## [WHAT THE TASK REQUIRES]
Please output, exactly and without pictures, the lines from the opening of the listing below through the line containing "Nach 5 Jahren", both included.

## [DATA FOR REVIEW]
○ ○ ○ ○ ○
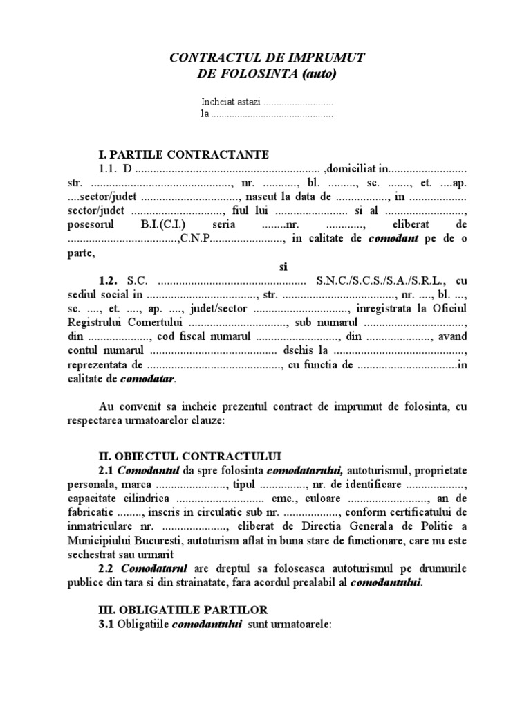 Contract de imprumut de folosinta comodat autovehicul. Partîle au convenit sa încheie prezentul contract de împrumut de folosinta pe o. 7 2 votes acasă. Prezentul contract înceteazã de plin drept fãrã a mai fi necesarã interventia unui tribunal arbitrar unei instante judecãtoresti în cazul în care una dintre pãrti.
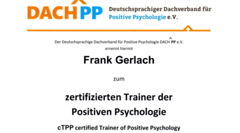 Nach 5 Jahren intensiven Fortbildungen hat Frank Gerlach 2022 diverse Zusatzqualifikationen mit Zertifikat abgeschlossen. Er ist jetzt zertifizierter Berater, Coach und Trainer für positive Psychologie.
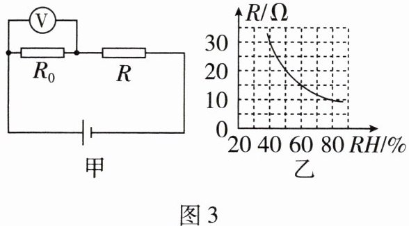 3. “回南天”是深圳春天常见的现象。“回南天”期间空气湿度 $ RH $ 较大,为了测量空气湿度,某同学设计了一个湿度计(表盘由电压表改装而成),其原理如图 3 - 甲所示,定值电阻的电阻为 $ R_0 $,电压表的测量范围为 $ 0 \sim 3 $ V,电源电压恒为 5 V,湿敏电阻的电阻 $ R $ 随空气湿度 $ RH $ 变化的关系图像如图 3 - 乙所示。把该湿度计放在空气湿度为 40% 的环境中,电压表的示数为 2 V。求:
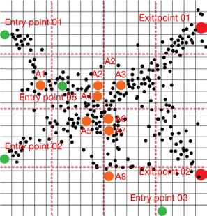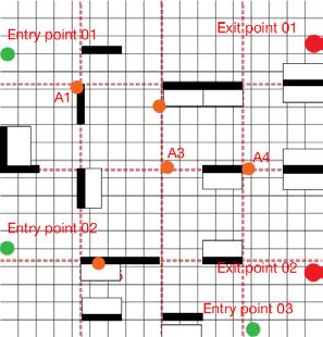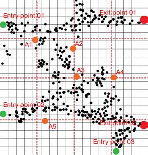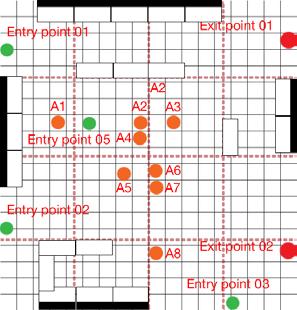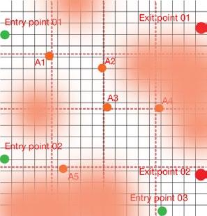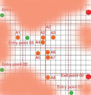 Scenario 01 - The market - The dataset points—attraction, entry, and exit—have been strategically defined based on observed movement patterns. By combining this simulation data with computational optimization, the system generates an efficient wall placement strategy that prioritizes usability while also ensuring adaptability for future scenarios. Leveraging machine learning algorithms, the solution enables automated simulations, seamlessly bridging digital and physical environments to create a responsive and future-ready spatial configuration.
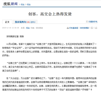 《深圳商报》/搜狐转载:创客,高交会上热得发烫“创客之都”深圳成为世界关注的焦点
○ ○ ○ ○ ○
## [ANSWER FOR THE TASK]
 Contract de imprumut de folosinta comodat autovehicul. Partîle au convenit sa încheie prezentul contract de împrumut de folosinta pe o. 7 2 votes acasă. Prezentul contract înceteazã de plin drept fãrã a mai fi necesarã interventia unui tribunal arbitrar unei instante judecãtoresti în cazul în care una dintre pãrti.
 Nach 5 Jahren intensiven Fortbildungen hat Frank Gerlach 2022 diverse Zusatzqualifikationen mit Zertifikat abgeschlossen. Er ist jetzt zertifizierter Berater, Coach und Trainer für positive Psychologie.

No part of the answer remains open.